Proof. Let $x \in \mathcal{H}$. We aim to decompose $x = x_1 + x_2$ with $x_1 \in M$ and $x_2 \in M^{\perp}$. First, we define $K := x - M$. Since $M$ is closed, so is $K$. Furthermore $K$ is convex. By a lemma there exists a unique $x_2 \in K$ such that $\| x_2 \| = \inf_{y \in K} \| y \|$. By definition of $K$ there exists some $x_1 \in M$ such that $x_2 = x - x_1$.
It now remains to show that $x_2 \in M^{\perp}$. Let $y \in M \setminus \{0\}$ be arbitrary. Then, $\| x_2 \|^2 \le \| x_2 - \lambda y \|^2$ holds for all $\lambda \in \mathbb{K}$ since $x_2 - \lambda y \in K - M = K$. Choosing $\lambda := \dfrac{\langle x_2, y \rangle}{\langle y, y, \rangle}$ we obtain \begin{equation*} 0 \le \left \| x_2 - \frac{\langle x_2, y \rangle}{\langle y, y, \rangle} y \|^2 - \| x_2 \right\|^2 = - \frac{| \langle x_2, y \rangle |^2}{\langle y, y \rangle} \le 0, \end{equation*} implying $\langle x_2, y \rangle = 0$. $\square$
My Questions
I want to draw this to get a “better feeling of what is done in this proof”. Let $\mathcal{H} := \mathbb{R}^3$ and $M := \text{span}((a,b,c))$ be a line. Then we have $M^{\perp} = \{ (x,y,z): ax + by + cz = 0 \}$ is a plane. Now let $x = (u,v,w)$ be the arbitrary vector from the beginning the proof, which should not be in $M$ or $M^{\perp}$, to avoid the trivial case $x_1 = 0$ or $x_2 = 0$.
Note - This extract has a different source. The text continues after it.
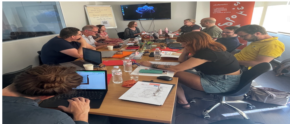
Transnational Project Meeting in Koispe Office in Athens

So: How can I calculate $K$ and $x_2$? And what is the geometric intuition of choosing $\lambda$ that way?
Put $m=(a,b,c)$. The set $K$ is a copy of a set $-M$ shifted by $x$, that is $K=\{x-\mu m:\mu\in\Bbb R\}$ is a line. By the definition, $x_2$ is a point of $K$ closest to the origin $O=(0,0,0)$. Looking at the plane spanned by $O$ and $K$, we see that $x_2$ is the base of the altitude dropped from $O$ to $K$, that is $x_2\in K$ and $\langle x_2, m\rangle=0$. Thus $x_2=x-\mu m=(u,v,w)-\mu (a,b,c)$, with $\mu=\tfrac{ua+vb+wc}{a^2+b^2+c^2}=\frac{\langle m,x\rangle}{\|m\|^2} .$
In order to obtain the best from the inequality $\| x_2 \|^2 \le \| x_2 - \lambda y \|^2$ we pick $\lambda$ which minimizes its right hand side. For this we need $x_2 - \lambda y$ be the base of the altitude dropped from $O$ to the line $\{x_2-\lambda y:\lambda\in\Bbb R\}$. Similarly to the above we see that this is attained when $\lambda := \frac{\langle x_2, y \rangle}{\langle y, y, \rangle}$.